Adam B. Salmon, Ph.D., and Corinna Ross, Ph.D., are leading a clinical trial in marmosets testing rapamycin’s effects on lifespan, health and pathology.
Sara Espinoza, M.D., M.Sc., is conducting a clinical trial of metformin vs. placebo for the prevention of physical frailty in older adults.
Grace Lee, Pharm.D., Ph.D., is leading a clinical trial testing whether metformin improves pneumococcal vaccine responses in older adults.
The Barshop Institute’s comprehensive approach to aging includes three National Institute on Aging-funded core centers including: the San Antonio Nathan Shock Center (basic biology), the San Antonio Claude D. Pepper Center (translational research), and the San Antonio Aging Interventions Testing Program (with a goal of testing four to five new compounds a year). The Barshop is the only institute in the nation to host all three of these centers. The Barshop Institute also hosts a National Institute on Aging-funded Training Program on the Biology of Aging that trains graduate students and post-doctoral fellows.

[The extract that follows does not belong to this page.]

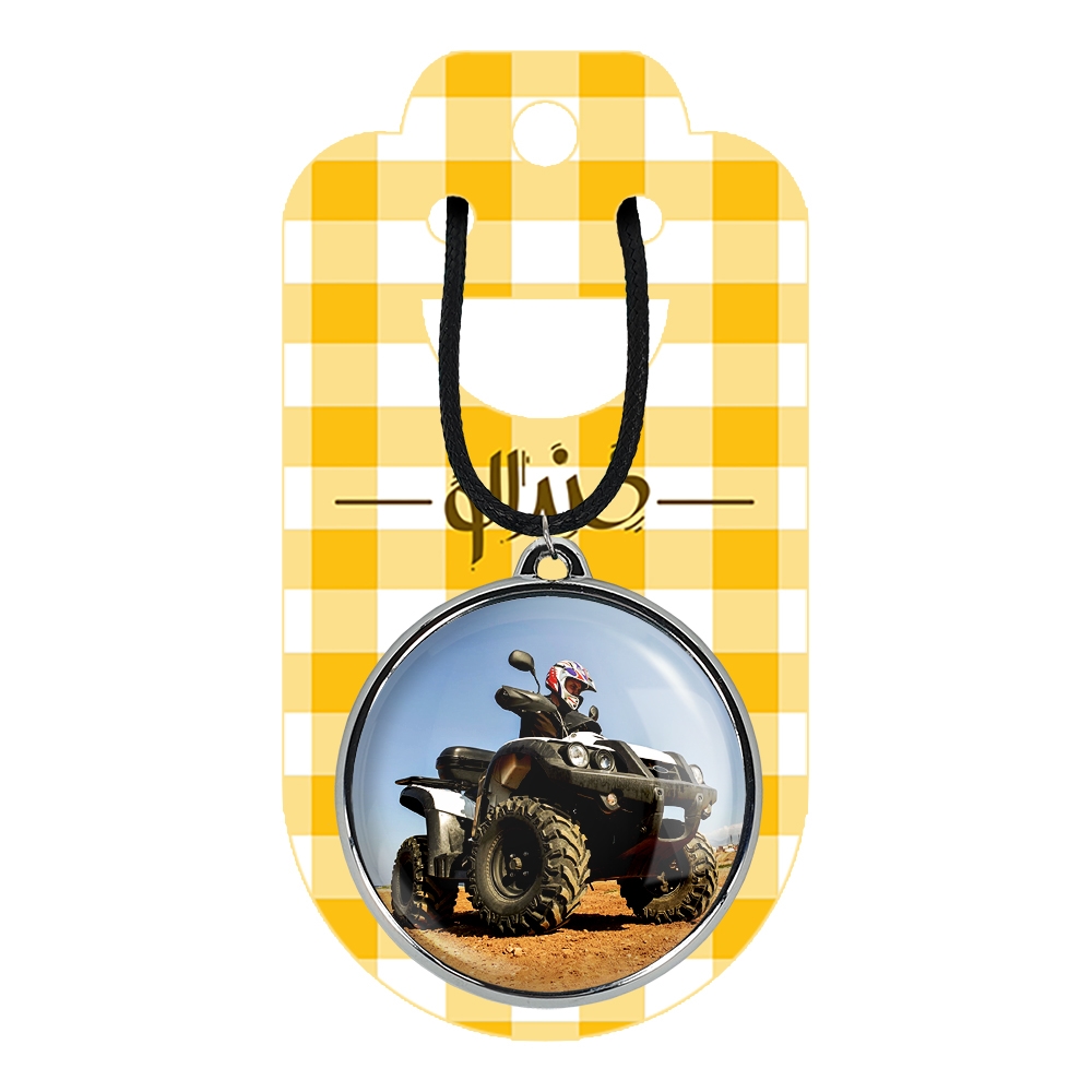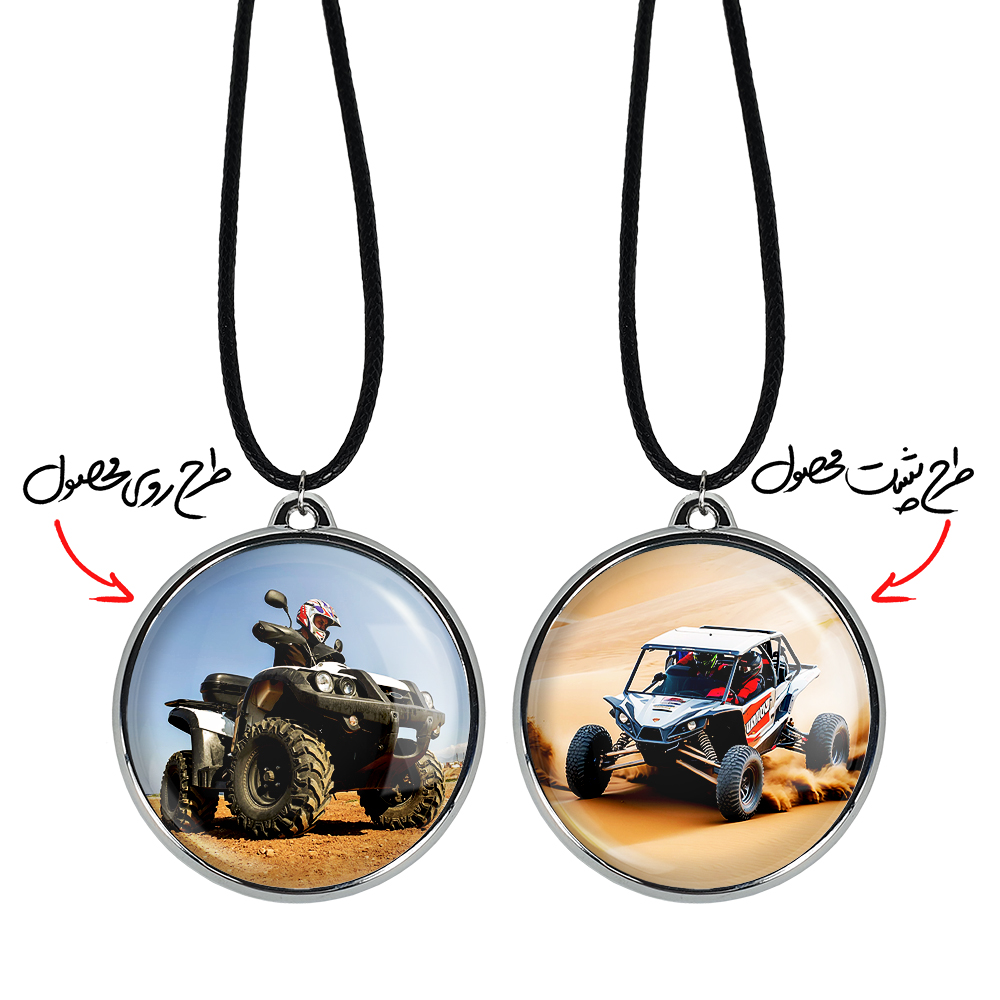 گردنبند خندالو طرح موتور چهار چرخ، محصولی جدید و جذاب است که بصورت دو طرفه بوده، و در هر یک از طرفین گردنبند، طرح متفاوتی از یک موضوع چاپ شده است. دور پلاک گردنبند را، رینگی از جنس کروم نقره ای پوشانده که رنگ آن ثابت بوده و باعث هرچه زیباتر شدن گردنبند می شود. روکش براق روی گردنبند، مقاومت بالایی دارد و در مقابل عرق بدن با دوام بوده و با رطوبت های کم، به طرح آسیبی وارد نمی شود. چاپ گردنبند خندالو طرح موتور چهار چرخ بوسیله بهترین دستگاه های چاپ دیجیتال صورت می گیرد و طرح با شفافیتی مثال زدنی بر روی گردنبند نقش می بندد.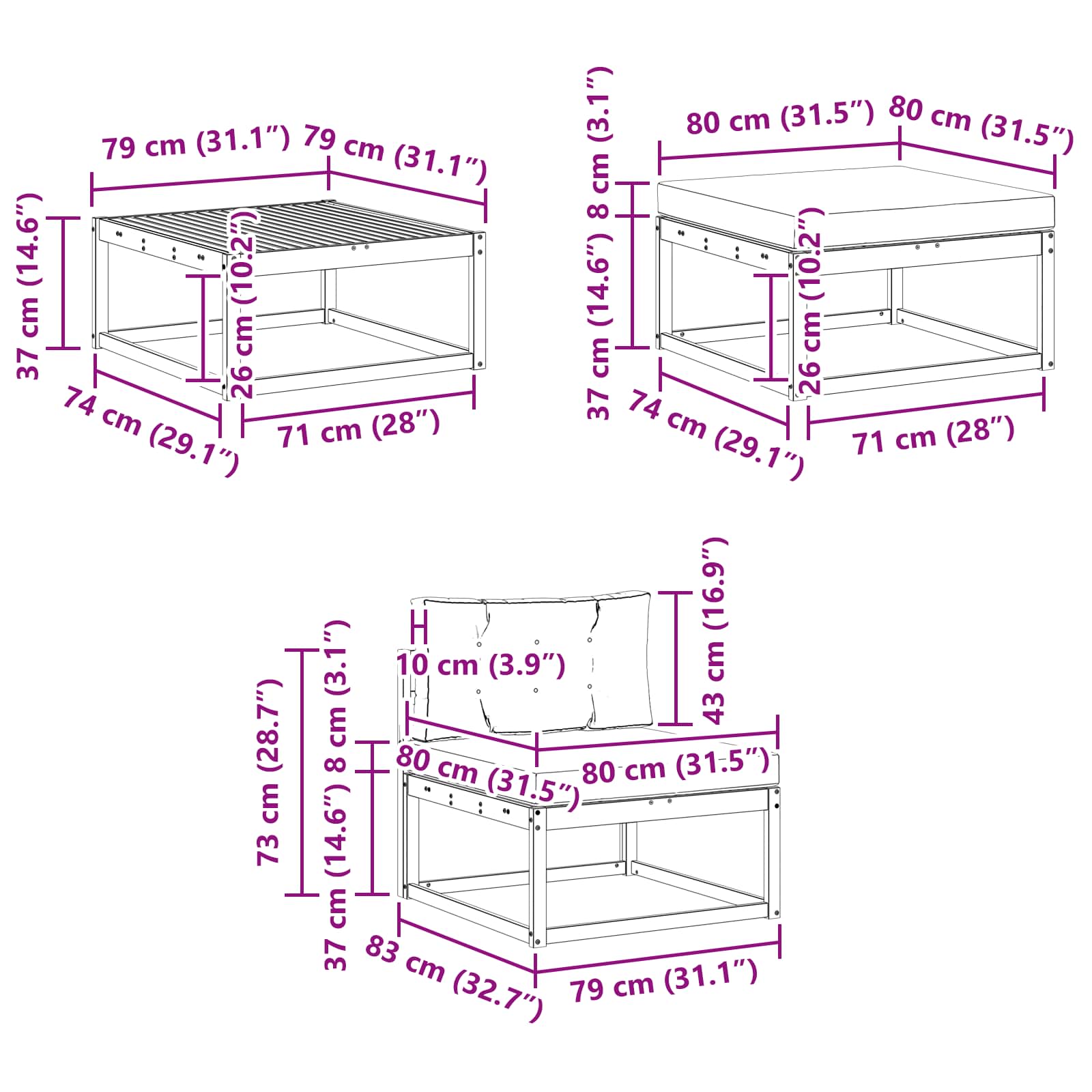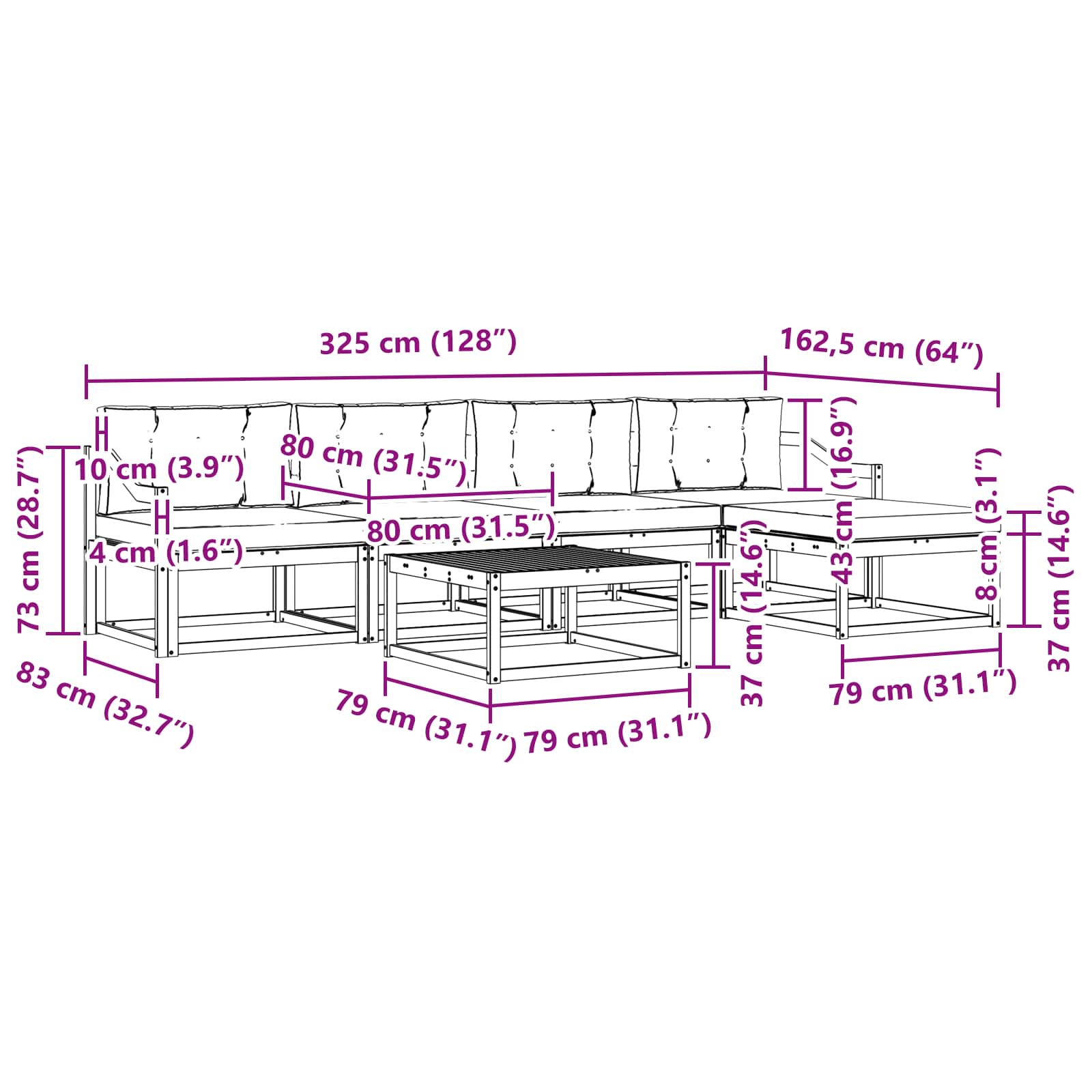 • 4 x střední pohovka: 79 x 83 x 73 cm (D x Š x V)

Another source of funding is the Department of Veterans Affairs, since Barshop Institute investigators are members of the San Antonio Geriatric Research, Education and Clinical Center (GRECC) of the South Texas Veterans Health Care System.
“What makes us very unique,” says Dr. Musi, “is we’re the only institution that has this breadth of programs under one roof in which there is high-impact interaction and synergy. We work with very talented scientists and staff that are making new discoveries every day and with an institution that accelerates the pace of these discoveries so we can bring them to the clinical research arena in a much faster way.”